Wyrd is a globally scalable distributed file storage foundation with atomic writes. Built in Rust, Apache-2.0.
wyrd /wɪəd/ — Old English for fate. Yes, it sounds like “weird.” Anyone who has run distributed storage at 3 a.m. will agree that is the correct word.
What it is
Wyrd is the layer a mid-sized cloud provider could build a worldwide storage product on — a Drive-like service, an S3-compatible object store, or the backend for a collaborative editor. It keeps metadata and bulk data architecturally separate, yet every write commits as a single, indivisible act: from the caller’s point of view, a write either happened in full or not at all.

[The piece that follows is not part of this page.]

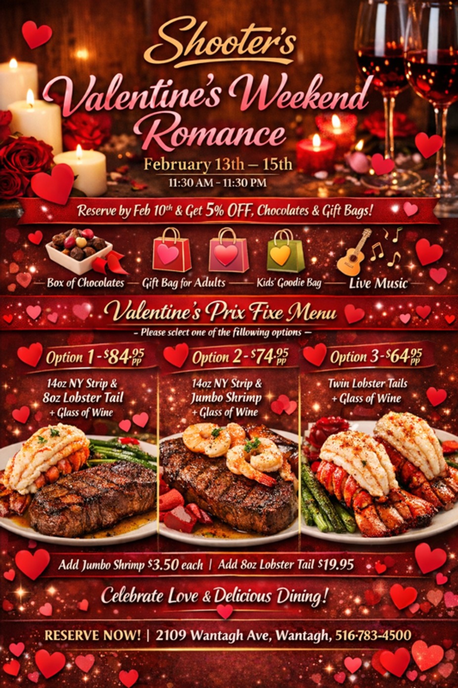 Join us on Valentine's Day for the perfect romantic evening! All Reservations made by February 10th get a 5% discount and a box of Valentine's Day chocolates to take home!!

The model follows the Colossus-class lineage — a global control plane over per-zone storage, with bulk data flowing directly between client and storage servers so throughput scales with the fleet rather than through a bottleneck. One static binary on a laptop for development; a multi-region deployment in production. The same system, configured differently.
Why it exists
Plenty of systems do part of this. Few combine all of it: a rigorous atomic commit point, a globally consistent namespace, erasure coding within a zone and geo-replication across zones, pluggable metadata and chunk backends behind narrow interfaces, an on-disk format specified so the data outlives the software that wrote it — and correctness treated as the headline feature, verified with deterministic simulation testing from day one.
The Norns
In myth, the three Norns weave fate — what has been, what is, and what is owed. Wyrd borrows them for the parts of the system that carry real weight, so each component’s name states its job.
Urth
what has become
The durable committed record — metadata and on-disk truth.
Verdandi
what is becoming
The write and commit path, where the present is made durable.
Skuld
what is owed
Pending work — replication, repair, and reconciliation.
The name
A storage system is, in the end, a keeper of wyrd: it holds what was written, weaves in what is being written, and carries the debts of what it still owes. The whole woven state is the Wyrd; the Norns are the ones who tend it. The Norns weave the Wyrd.